(Data for review Opens)
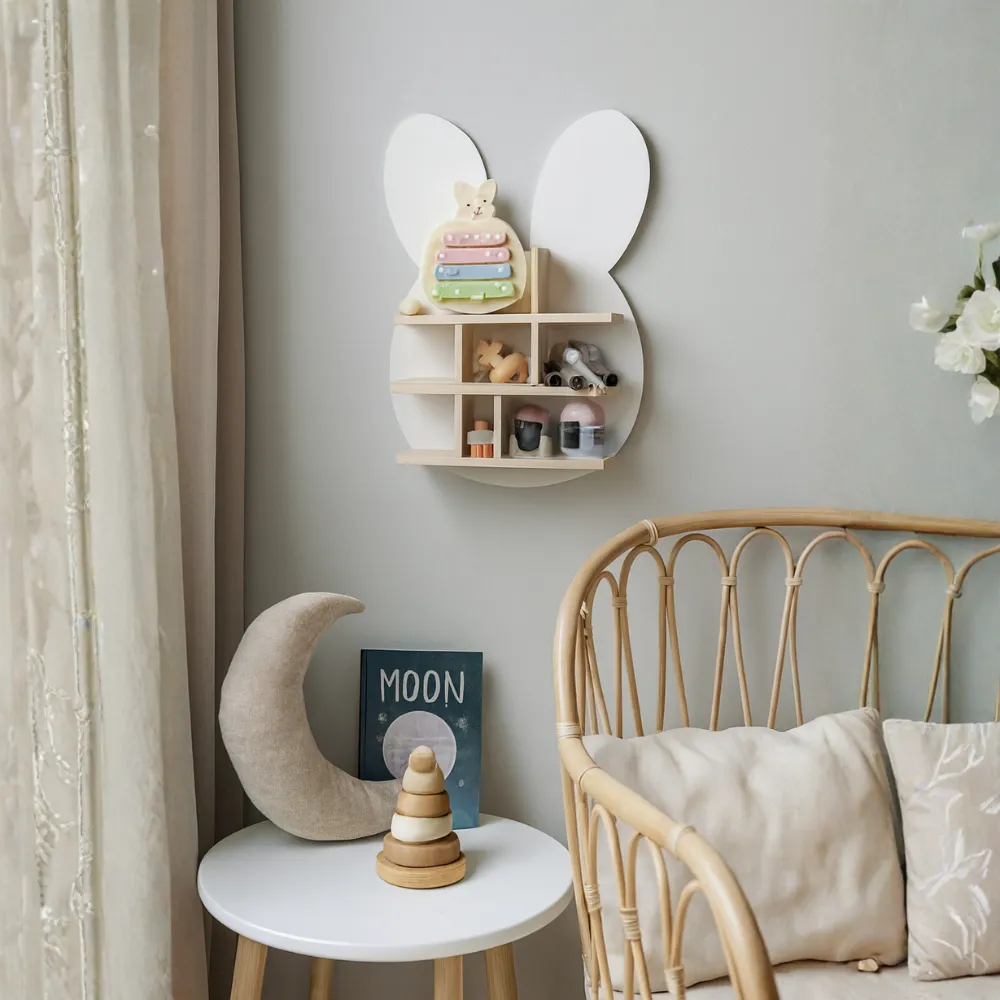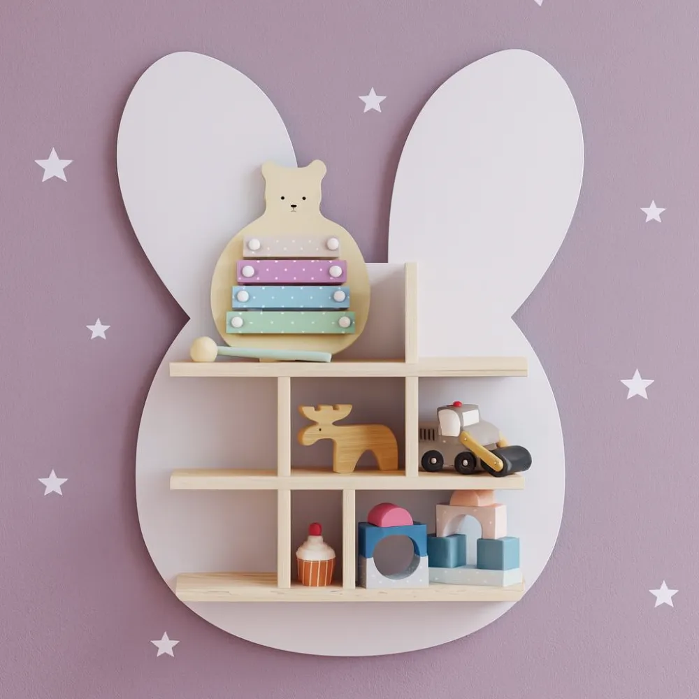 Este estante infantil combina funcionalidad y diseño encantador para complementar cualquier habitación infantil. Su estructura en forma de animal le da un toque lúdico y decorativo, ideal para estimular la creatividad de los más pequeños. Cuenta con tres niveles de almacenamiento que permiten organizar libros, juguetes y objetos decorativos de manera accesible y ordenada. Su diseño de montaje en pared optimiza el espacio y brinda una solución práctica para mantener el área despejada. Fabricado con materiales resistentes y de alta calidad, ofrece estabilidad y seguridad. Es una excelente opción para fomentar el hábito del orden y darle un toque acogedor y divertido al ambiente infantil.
(Data for review Closes)
(Data for review Opens)
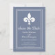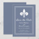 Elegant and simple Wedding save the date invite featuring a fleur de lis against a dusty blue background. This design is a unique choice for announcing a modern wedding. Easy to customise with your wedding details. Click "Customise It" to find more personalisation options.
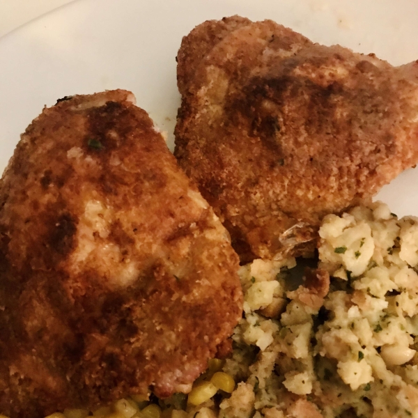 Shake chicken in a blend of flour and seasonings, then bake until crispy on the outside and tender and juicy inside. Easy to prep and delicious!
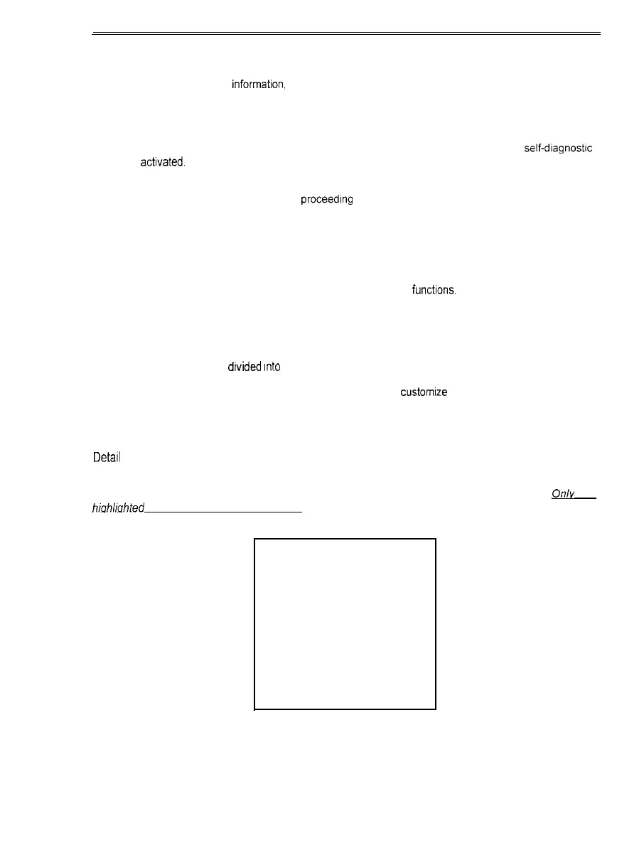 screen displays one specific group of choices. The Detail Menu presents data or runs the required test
(Data for review Closes)
• Brief:
Take the material above from the line bearing "Shake chicken in" through the line bearing "screen displays one" and write it out exactly, both end lines included. Pictures stay out.

• Result for this task:
 Shake chicken in a blend of flour and seasonings, then bake until crispy on the outside and tender and juicy inside. Easy to prep and delicious!
 screen displays one specific group of choices. The Detail Menu presents data or runs the required test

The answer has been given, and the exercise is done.